Autre piste à explorer, celle de l’engagement politique. Arrivant à Paris, François Mitterrand adhère quelque temps aux Volontaires nationaux, c’est-à-dire à la branche « jeunesse » de la ligue des Croix de feu du colonel La Rocque, l’un des plus puissants mouvements de la droite contestataire quoique républicaine de l’époque. On sait en réalité peu de chose sur cette adhésion politique. Elle paraît toutefois assez logique compte tenu du milieu d’origine du jeune homme et des orientations familiales. Le discours de La Rocque est empreint d’un réel patriotisme, fait sans cesse référence aux vertus du catholicisme social, prône l’ordre et la rigueur morale dans les affaires publiques, etc., et se tient volontairement éloigné de tout engagement politique purement électoraliste. Cette adhésion aux Croix de feu et les contacts de François Mitterrand avec l’entourage de La Rocque permettent de situer le jeune étudiant sur l’échiquier politique : il est à droite, sans aucun doute critique à l’égard de la iiie République tout en restant à l’écart des ligues fascistes ou royalistes – par ailleurs condamnées par l’Église catholique. C’est donc sans surprise que l’on trouve à partir de 1936 le nom François Mitterrand accolé à certains articles de L’Écho de Paris, organe de presse quasi officiel du mouvement de La Rocque.

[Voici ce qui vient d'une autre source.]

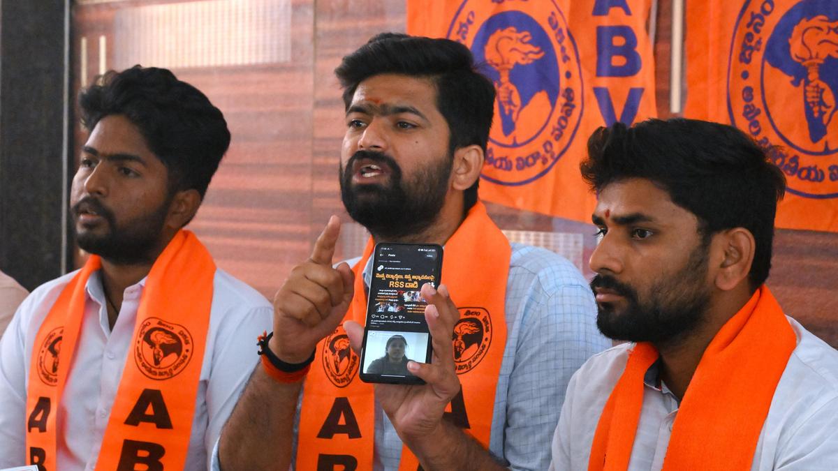 ABVP union leaders addressing a press conference in Visakhapatnam on Sunday. | Photo Credit: V. RAJU Tension has escalated at Andhra University with rival student organisations levelling serious allegations against each other and filing police complaints after a series of confrontations on the campus. SFI, AISF and other student union leaders addressing a press conference in Visakhapatnam on Sunday. | Photo Credit: V. RAJU While one section of students demanded the removal of alleged long-term squatters and action against what they described as biased professors, another group sought an immediate ban on religious activities within the academic premises. Both the Akhil Bharatiya Vidyarthi Parishad(ABVP) and the Students Federation of India(SFI) led organisations addressed separate press conferences on Sunday to present their versions of the incidents that have disturbed the campus since February 17. Addressing the media, ABVP State Secretary Venkata Gopi defended the presence of the Rashtriya Swayamsevak Sangh on the campus. He said Shakha activities have been conducted at Andhra University for the past 75 years with the permission of previous university authorities. He added that leaders such as former Vice President M. Venkaiah Naidu and Odisha Governor K. Haribabu had participated in such sessions during their student days. ABVP leaders alleged that SFI members carried out a pre-planned attack on nationalist students to divert attention from the high profile naval manoeuvres attended by President Droupadi Murmu in Visakhapatnam last week. ABVP National Executive member V. Kiran Kumar claimed that while their members practise Vande Mataram, certain SFI leaders were found consuming alcohol in hostels, as seen in videos circulated on social media. The ABVP also accused some professors of backing SFI and misusing religious sentiments to target university officials, including the Security Dean, who they said were acting against anti-social elements on the campus. Meanwhile, a joint front comprising SFI, AISF and PDSU demanded that the authorities ban RSS activities within the university premises. The student unions contended that University Grants Commission guidelines prohibit religious activities on university campuses. SFI State president Rammohan Rao alleged that on February 17, RSS members conducting what he described as a militaristic parade at the basketball grounds assaulted students who questioned their presence. The joint student leaders further alleged that outside elements entered the campus and damaged flags and poles belonging to SFI and CITU, even as prohibitory orders under Section 30 of the Police Act were in force. Published – February 22, 2026 06:43 pm IST Share this: Click to share on WhatsApp (Opens in new window) WhatsApp Click to share on Facebook (Opens in new window) Facebook Click to share on Threads (Opens in new window) Threads Click to share on X (Opens in new window) X Click to share on Telegram (Opens in new window) Telegram Click to share on LinkedIn (Opens in new window) LinkedIn Click to share on Pinterest (Opens in new window) Pinterest Click to email a link to a friend (Opens in new window) Email More Click to print (Opens in new window) Print Click to share on Reddit (Opens in new window) Reddit Click to share on Tumblr (Opens in new window) Tumblr Click to share on Pocket (Opens in new window) Pocket Click to share on Mastodon (Opens in new window) Mastodon Click to share on Nextdoor (Opens in new window) Nextdoor Click to share on Bluesky (Opens in new window) Bluesky Like this:Like Loading... Post navigation Special project launched to combat climate change challenges in agriculture : Minister Tributes paid to freedom fighter Narasimha Reddy on 175th death anniversary
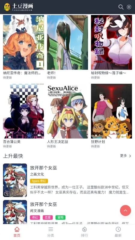 土豆漫画最新版是专为漫画爱好者打造的APP。连载更新同步及时,作品信息全,更新稳定。阅读流畅,资源海量,更新极速。操作简单,有下拉模式,能一键切换夜间护眼模式,方便找漫追漫,是追漫首选。
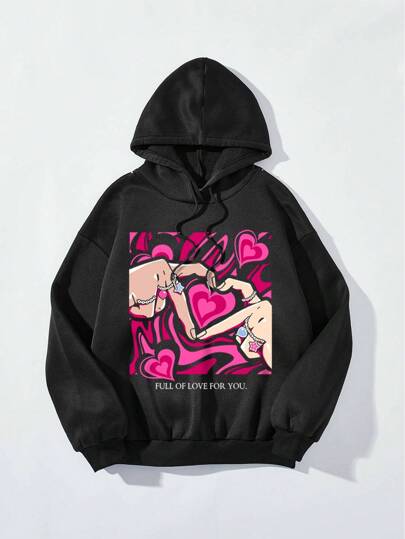 SHEIN EZwear 休閒簡約長袖帽衫,手勢愛心和字母印花設計,適合秋冬季節,女性超大尺碼 - 黑色 - 查看 1
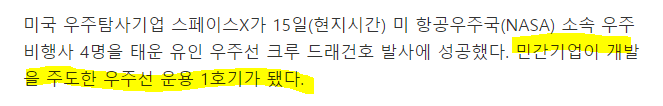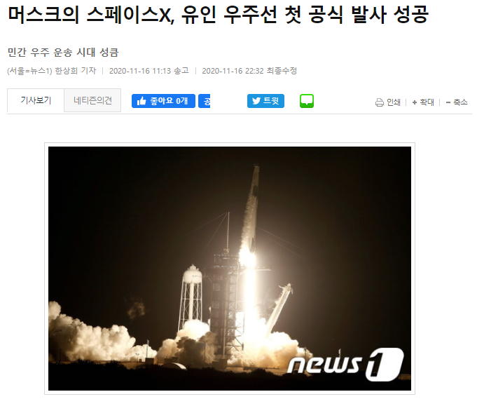 + 테슬라 관련으로, 11월 15일 민간우주기업 스페이스X가 첫 유인우주선 발사성공!
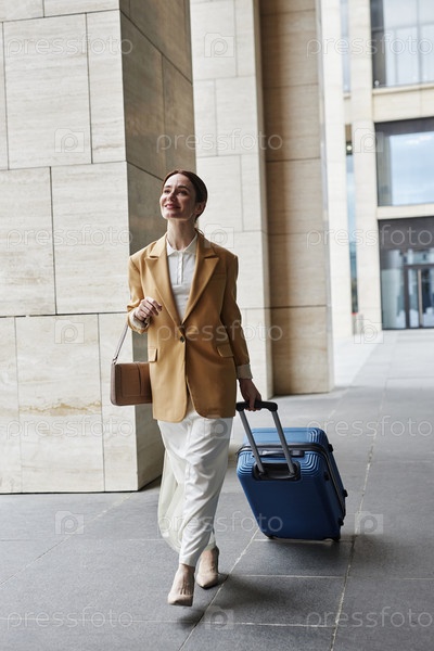 Молодая красивая бизнес-леди в тихом роскошном наряде тянет чемодан с багажом
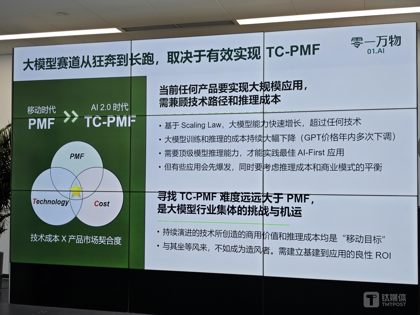 “做 Technology-Cost Product-Market-Fit(TC-PMF),技术成本 X 产品市场契合度,尤其推理成本下降是个‘移动目标’,这比传统 PMF 难上一百倍。” 李开复表示。
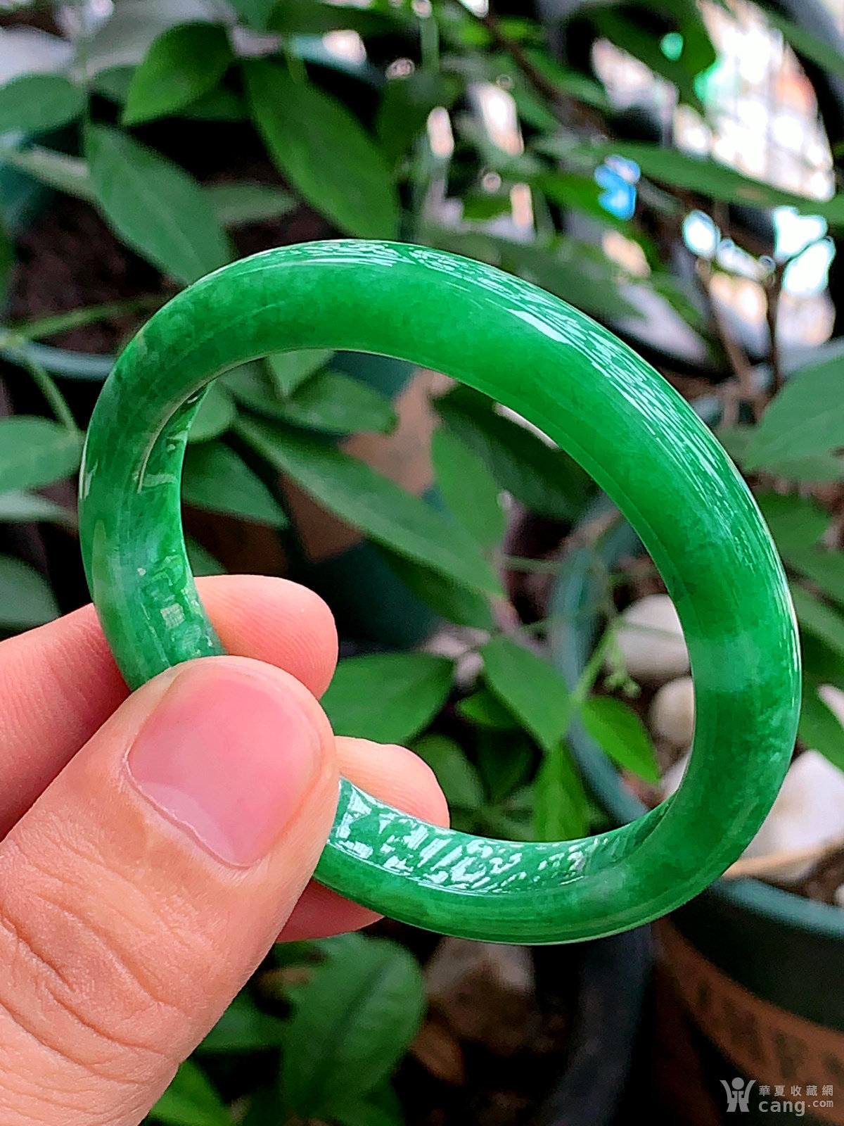 缅甸天然翡翠A货水润满绿宽边手镯52.1圈口
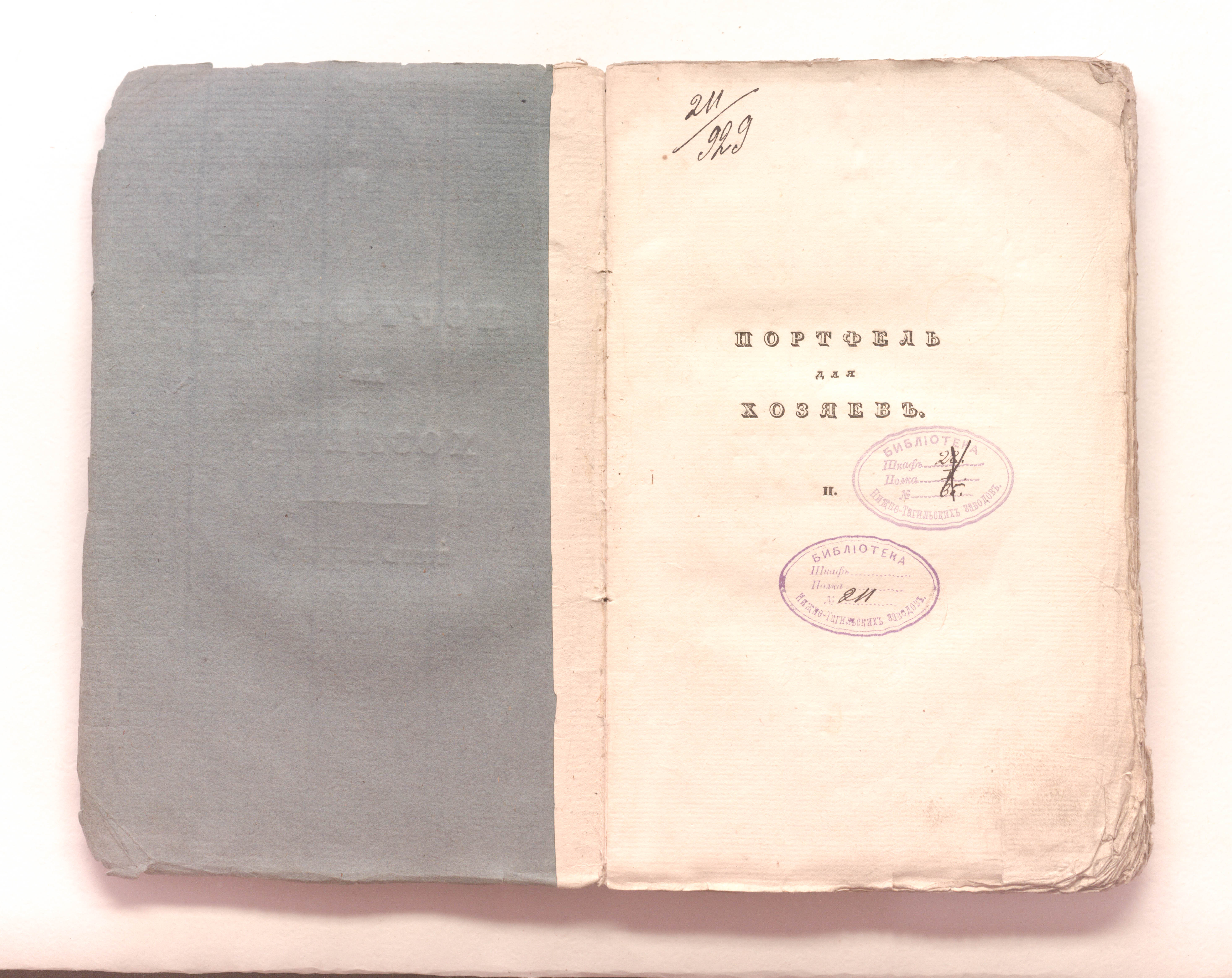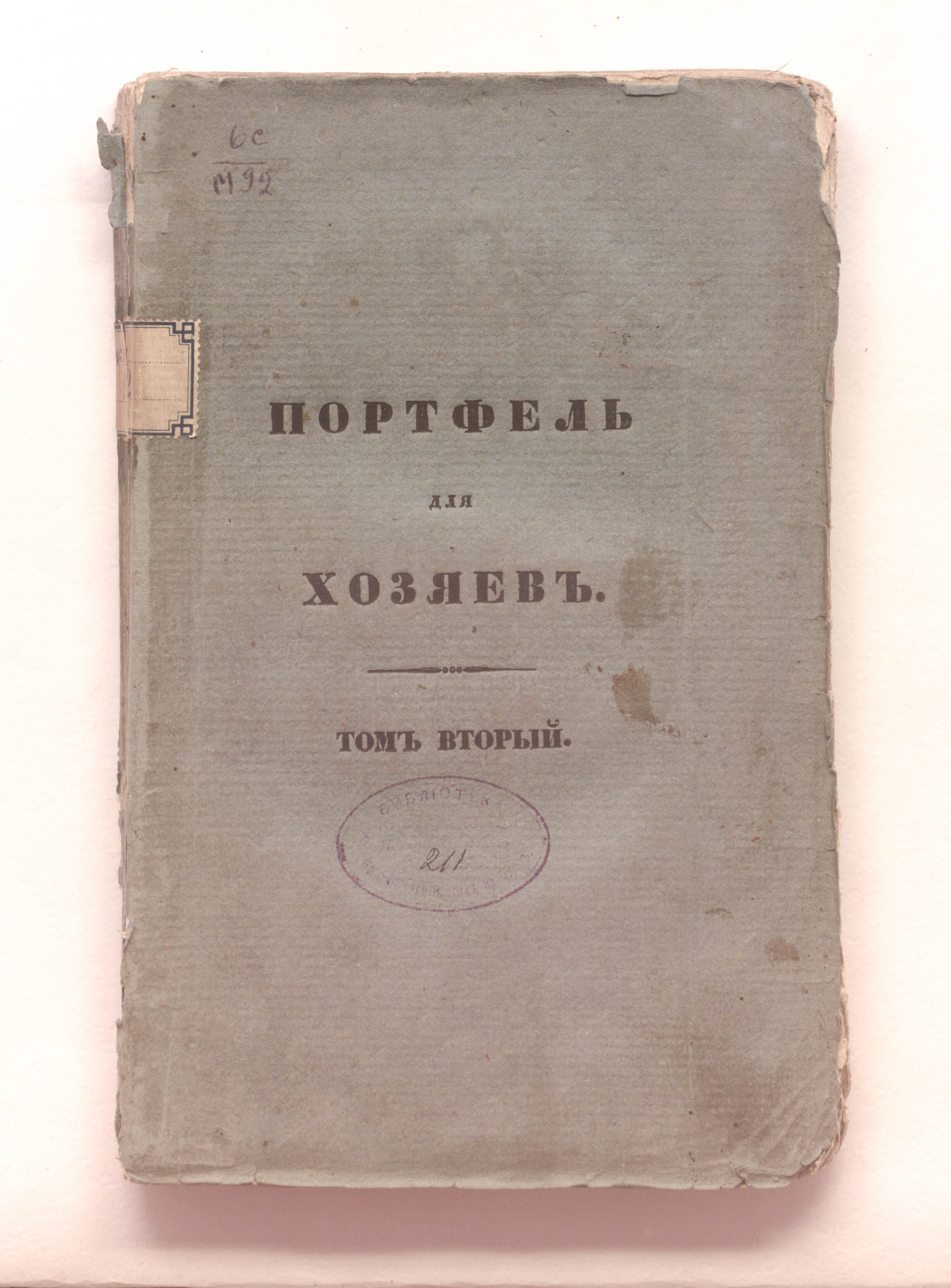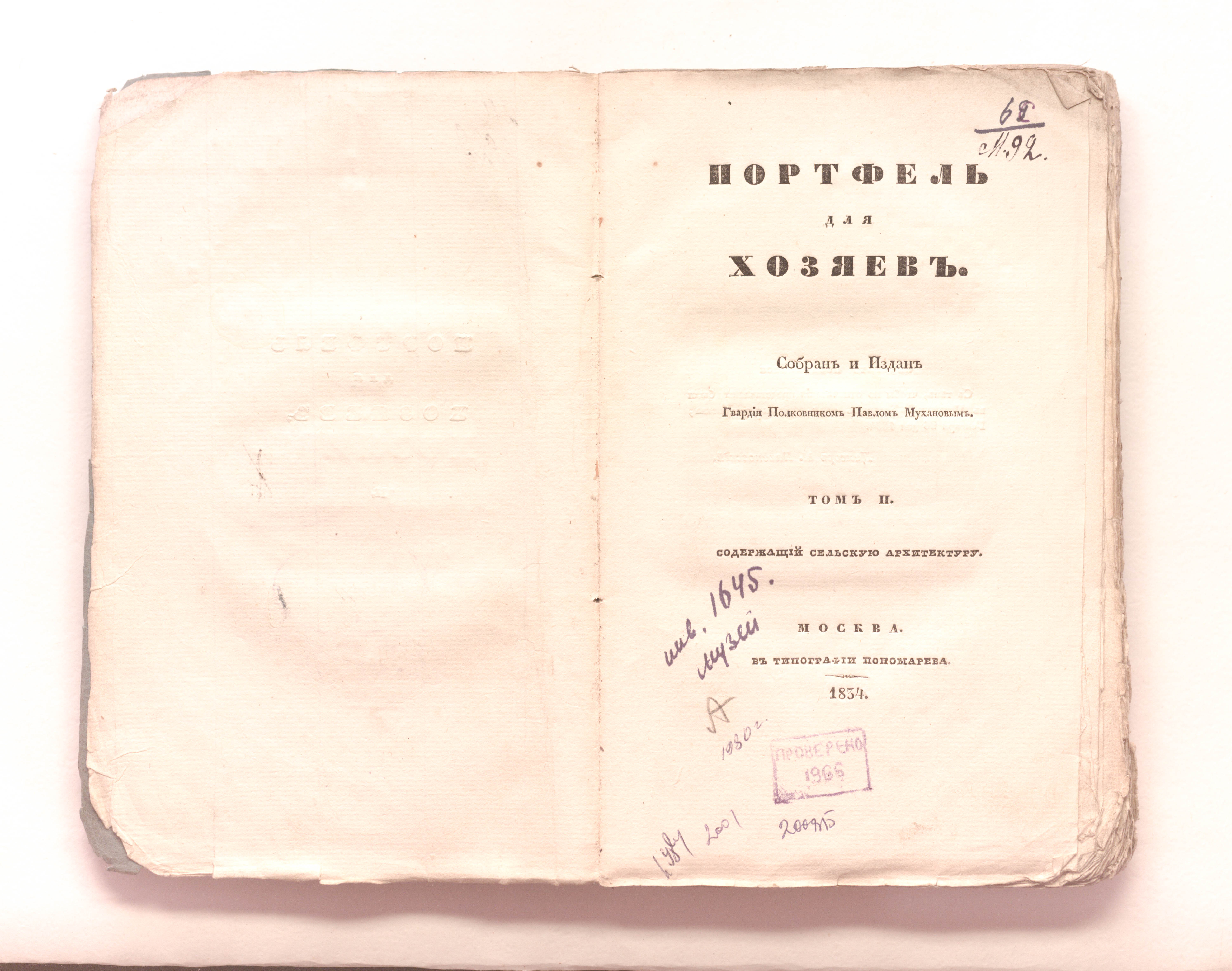 Портфель для хозяев. Т. 2. Содержащий сельскую архитектуру / Собран и издан Гвардии Полковником Павлом Мухановым. — Москва : в тип. Пономарева, 1834. — IX, [2], 213 с. ; 24х15 см.

Encore faut-il préciser – dernière piste – que sa signature apparaît au bas d’articles essentiellement littéraires (quelques-uns traitant de la vie étudiante et militante du Quartier latin). Les murs de la petite chambre du « 104 » sont en effet tapissés de livres. Lui qui a la chance de côtoyer l’écrivain François Mauriac, lui dont l’un des amis n’est autre que Claude Roy, vit alors sa vraie rencontre avec la littérature. Ses goûts sont évidemment ceux d’un jeune homme de sa condition et reflètent son engagement catholique et politique. Mais pas uniquement. Il lit des œuvres de toutes natures ; on pourrait même écrire de toutes obédiences. L’humanisme de la littérature lui permet d’assouvir cette curiosité insatiable qu’il semble avoir de la condition humaine. Et c’est sans doute cette curiosité qui l’entraîne, malgré son engagement à droite, dans quelques défilés du Front populaire et à certains meetings de ses leaders ; qui lui permet de se lier dès cette époque avec l’un de ses plus fidèles compagnons, Georges Dayan, jeune étudiant juif et socialiste. Cinq directions , cinq pistes. Le portrait resterait toutefois incomplet si l’on n’évoquait « Béatrice. » Elle a quinze ans en 1938. Mais elle est déjà belle. Très belle. François Mitterrand en tombe éperdument amoureux. « Elle » – celle qu’il appelle d’abord Béatrice puisqu’il ignore son nom –, c’est Marie-Louise Terrasse, qui deviendra plus tard, dans les années cinquante, Catherine Langeais, l’une des plus populaires speakerines de la télévision française. Pour elle, il écrit des poèmes. Pour elle, il court Paris. Entre les familles, on parle déjà de fiançailles.